■ Record excerpts ■
Segment Open

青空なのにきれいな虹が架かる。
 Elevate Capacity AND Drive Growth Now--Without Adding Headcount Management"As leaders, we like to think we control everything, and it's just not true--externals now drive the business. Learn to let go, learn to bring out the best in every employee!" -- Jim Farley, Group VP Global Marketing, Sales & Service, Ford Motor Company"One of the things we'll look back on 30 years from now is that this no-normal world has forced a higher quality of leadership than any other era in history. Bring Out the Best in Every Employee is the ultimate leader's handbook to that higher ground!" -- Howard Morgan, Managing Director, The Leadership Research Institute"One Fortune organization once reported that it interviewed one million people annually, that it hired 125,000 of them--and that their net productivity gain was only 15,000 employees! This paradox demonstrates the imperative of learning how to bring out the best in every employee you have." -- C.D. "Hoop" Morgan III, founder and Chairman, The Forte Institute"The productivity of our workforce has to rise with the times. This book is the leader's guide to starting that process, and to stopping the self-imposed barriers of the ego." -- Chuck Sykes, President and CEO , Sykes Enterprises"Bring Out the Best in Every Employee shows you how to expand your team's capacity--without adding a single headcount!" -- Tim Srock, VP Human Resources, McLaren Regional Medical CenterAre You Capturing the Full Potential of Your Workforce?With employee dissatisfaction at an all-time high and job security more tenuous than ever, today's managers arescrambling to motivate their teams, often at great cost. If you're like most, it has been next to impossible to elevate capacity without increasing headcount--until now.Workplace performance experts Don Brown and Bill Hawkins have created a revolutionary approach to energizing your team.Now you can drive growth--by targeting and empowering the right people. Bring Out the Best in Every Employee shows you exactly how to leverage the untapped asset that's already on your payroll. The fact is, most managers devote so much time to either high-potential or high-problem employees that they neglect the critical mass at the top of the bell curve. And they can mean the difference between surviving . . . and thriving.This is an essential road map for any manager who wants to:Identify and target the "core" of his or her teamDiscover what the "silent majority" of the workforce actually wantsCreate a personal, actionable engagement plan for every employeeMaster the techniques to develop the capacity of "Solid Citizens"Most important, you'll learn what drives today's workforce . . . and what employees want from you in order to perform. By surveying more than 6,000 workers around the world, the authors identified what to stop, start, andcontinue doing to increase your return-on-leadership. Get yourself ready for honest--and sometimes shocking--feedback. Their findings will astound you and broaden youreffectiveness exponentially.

Segment Closed
Segment Open

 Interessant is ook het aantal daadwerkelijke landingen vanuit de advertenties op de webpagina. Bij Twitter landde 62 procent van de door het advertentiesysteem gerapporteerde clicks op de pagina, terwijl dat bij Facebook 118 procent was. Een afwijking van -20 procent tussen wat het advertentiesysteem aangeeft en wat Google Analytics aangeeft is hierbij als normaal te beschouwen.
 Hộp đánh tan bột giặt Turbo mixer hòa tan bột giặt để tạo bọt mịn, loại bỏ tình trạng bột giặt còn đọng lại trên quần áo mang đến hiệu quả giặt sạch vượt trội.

Segment Closed

Reproduce exactly, and with no other material, the lines between those holding "Interessant is ook" and "Hộp đánh tan", inclusive.

 Interessant is ook het aantal daadwerkelijke landingen vanuit de advertenties op de webpagina. Bij Twitter landde 62 procent van de door het advertentiesysteem gerapporteerde clicks op de pagina, terwijl dat bij Facebook 118 procent was. Een afwijking van -20 procent tussen wat het advertentiesysteem aangeeft en wat Google Analytics aangeeft is hierbij als normaal te beschouwen.
 Hộp đánh tan bột giặt Turbo mixer hòa tan bột giặt để tạo bọt mịn, loại bỏ tình trạng bột giặt còn đọng lại trên quần áo mang đến hiệu quả giặt sạch vượt trội.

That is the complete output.